> **TASK OBJECTIVE**
The records below are to be reproduced exactly, and no picture should appear in the copy.
=-=-=-=-=
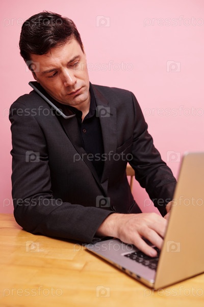 Серьезный бизнесмен, работающий на ноутбуке
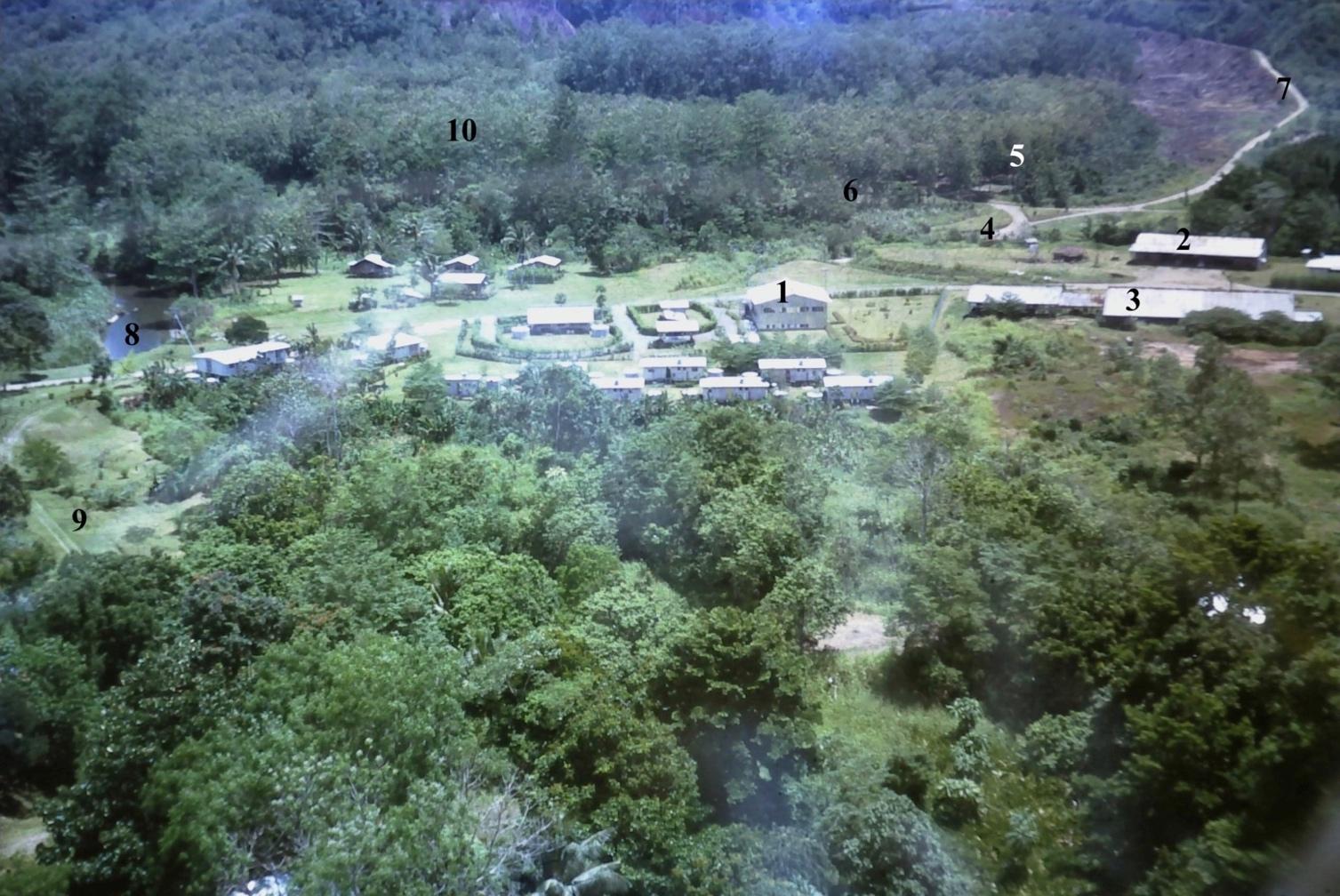 in mid-May to mid-July 1967. The survey’s generator was connected to the Kiap’s house (centre) for the duration of the survey. Although the Kiap’s residence was near new and was wired and fitted with electric lights, there was no 240 -volt electricity generation available up until that time in Ioma. The playing field was an ideal landing ground for the helicopter that was providing fulltime support for the survey. The track in the bottom right led down to a substantial highwire suspension bridge from which the bravest of us dived or jumped into the river for a swim.
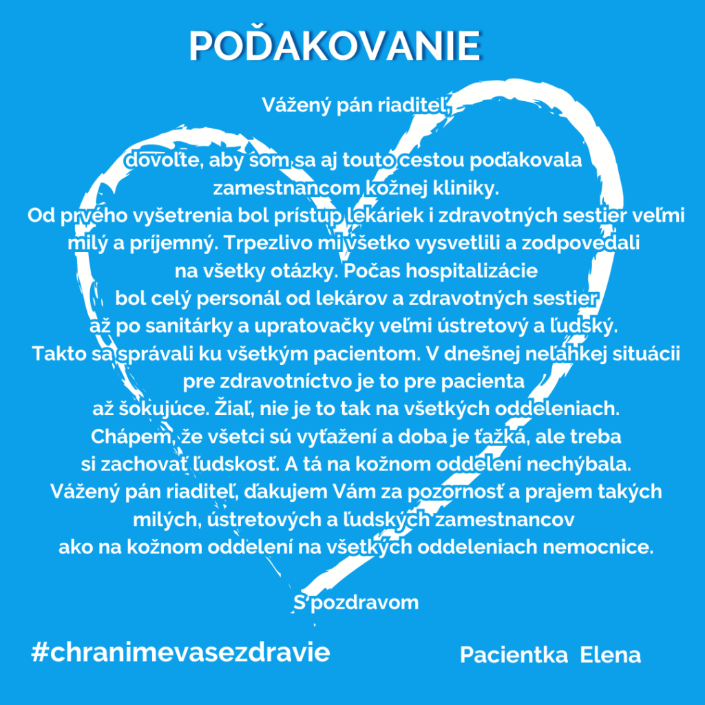 POĎAKOVANIE pre Kliniku dermatovenerológie, Tr. SNP 1.
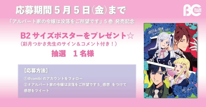 Twitterにて@comibiのアカウントをフォロー「アルバート家の令嬢は没落をご所望です5」の感想を、
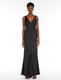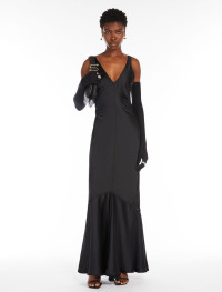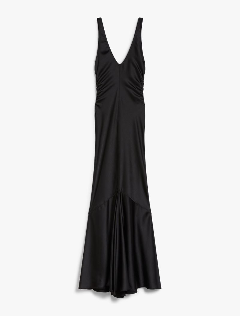 Long satin dress, with a deep V neckline at both the front and back. The sides feature gathering that creates movement at the bodice. The bias-cut hem of the skirt creates a mermaid shape. Regular fit. Composition and Care 100% polyester. Machine wash cold delicate cycle; do not bleach; do not tumble dry; line drying in the shade; cool iron; professionally dry clean perchloroethylene - mild process. Distributed by Max Mara S.r.l., registered office in Reggio Emilia (Italy), Via Giulia Maramotti 4, 42124
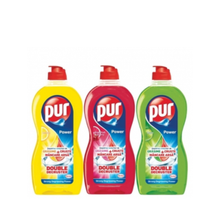 - Pur este un detergent de vase cu dubla putere, eliminand fara probleme cele mai dificile pete de grasime sau cruste de pe vase, fara a fi necesar sa inmoi vasele mult timp.
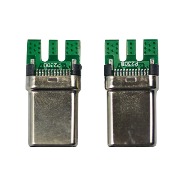 USB TYPE C 24PIN夹板式公头 拉伸镀亮镍 PCB板镂空U型
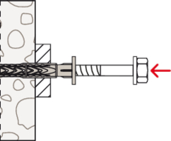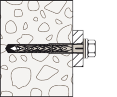 - In Lochsteinmauerwerk wird durch die zwei Spreizzonen eine untergrundschonende Krafteinleitung gewährleistet. Die porösen Steinstege werden durch die zweite Spreizzone nicht zerstört und können dadurch zur Kraftweiterleitung herangezogen werden.
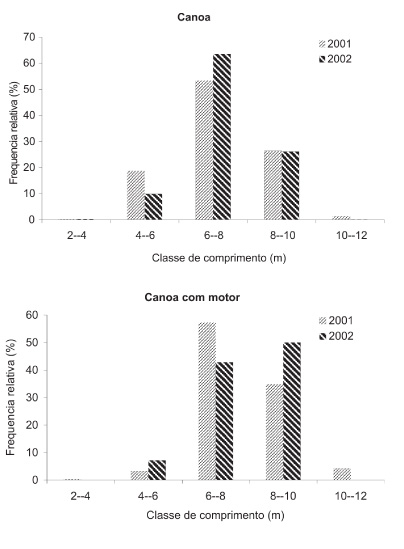 Foram registrados 297 desembarques de canoas motorizadas no período, as quais apresentaram comprimento entre 2 a 12 m, tamanho modal na classe de 6 a 8 m em 2001 e entre 8 e 10 m em 2002 (Figura 2).
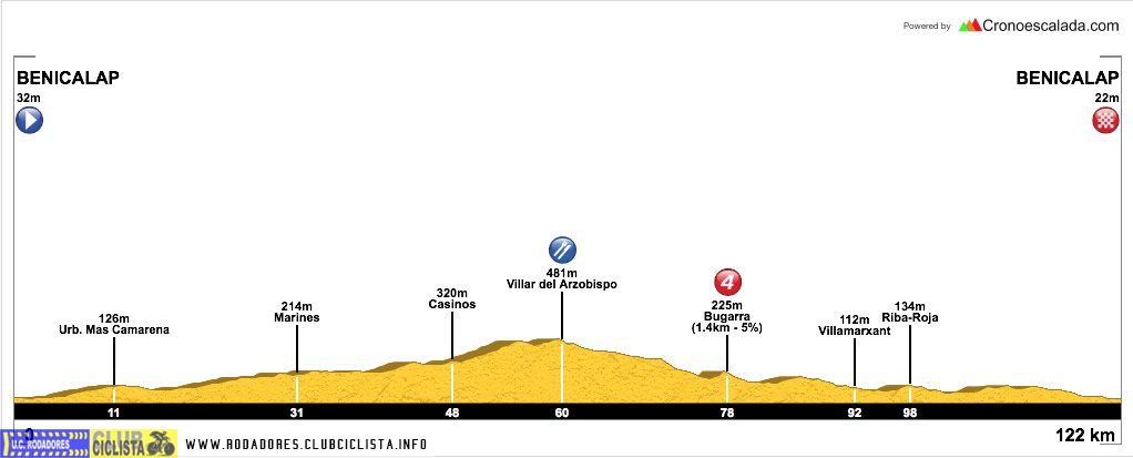 Comenzamos el mes de Mayo con una etapa típica "rompe piernas". La ida hasta Villar del Arzobispo se puede hacer muy dura dependiendo del ritmo que se lleve así que nos tomaremos la vuelta con más tranquilidad y un terreneo siempre favorable a excepción del repecho de Bugarra.
=-=-=-=-=
> **ANSWER TO THIS TASK**
 Серьезный бизнесмен, работающий на ноутбуке
 in mid-May to mid-July 1967. The survey’s generator was connected to the Kiap’s house (centre) for the duration of the survey. Although the Kiap’s residence was near new and was wired and fitted with electric lights, there was no 240 -volt electricity generation available up until that time in Ioma. The playing field was an ideal landing ground for the helicopter that was providing fulltime support for the survey. The track in the bottom right led down to a substantial highwire suspension bridge from which the bravest of us dived or jumped into the river for a swim.
 POĎAKOVANIE pre Kliniku dermatovenerológie, Tr. SNP 1.
 Twitterにて@comibiのアカウントをフォロー「アルバート家の令嬢は没落をご所望です5」の感想を、
 Long satin dress, with a deep V neckline at both the front and back. The sides feature gathering that creates movement at the bodice. The bias-cut hem of the skirt creates a mermaid shape. Regular fit. Composition and Care 100% polyester. Machine wash cold delicate cycle; do not bleach; do not tumble dry; line drying in the shade; cool iron; professionally dry clean perchloroethylene - mild process. Distributed by Max Mara S.r.l., registered office in Reggio Emilia (Italy), Via Giulia Maramotti 4, 42124
 - Pur este un detergent de vase cu dubla putere, eliminand fara probleme cele mai dificile pete de grasime sau cruste de pe vase, fara a fi necesar sa inmoi vasele mult timp.
 USB TYPE C 24PIN夹板式公头 拉伸镀亮镍 PCB板镂空U型
 - In Lochsteinmauerwerk wird durch die zwei Spreizzonen eine untergrundschonende Krafteinleitung gewährleistet. Die porösen Steinstege werden durch die zweite Spreizzone nicht zerstört und können dadurch zur Kraftweiterleitung herangezogen werden.
 Foram registrados 297 desembarques de canoas motorizadas no período, as quais apresentaram comprimento entre 2 a 12 m, tamanho modal na classe de 6 a 8 m em 2001 e entre 8 e 10 m em 2002 (Figura 2).
 Comenzamos el mes de Mayo con una etapa típica "rompe piernas". La ida hasta Villar del Arzobispo se puede hacer muy dura dependiendo del ritmo que se lleve así que nos tomaremos la vuelta con más tranquilidad y un terreneo siempre favorable a excepción del repecho de Bugarra.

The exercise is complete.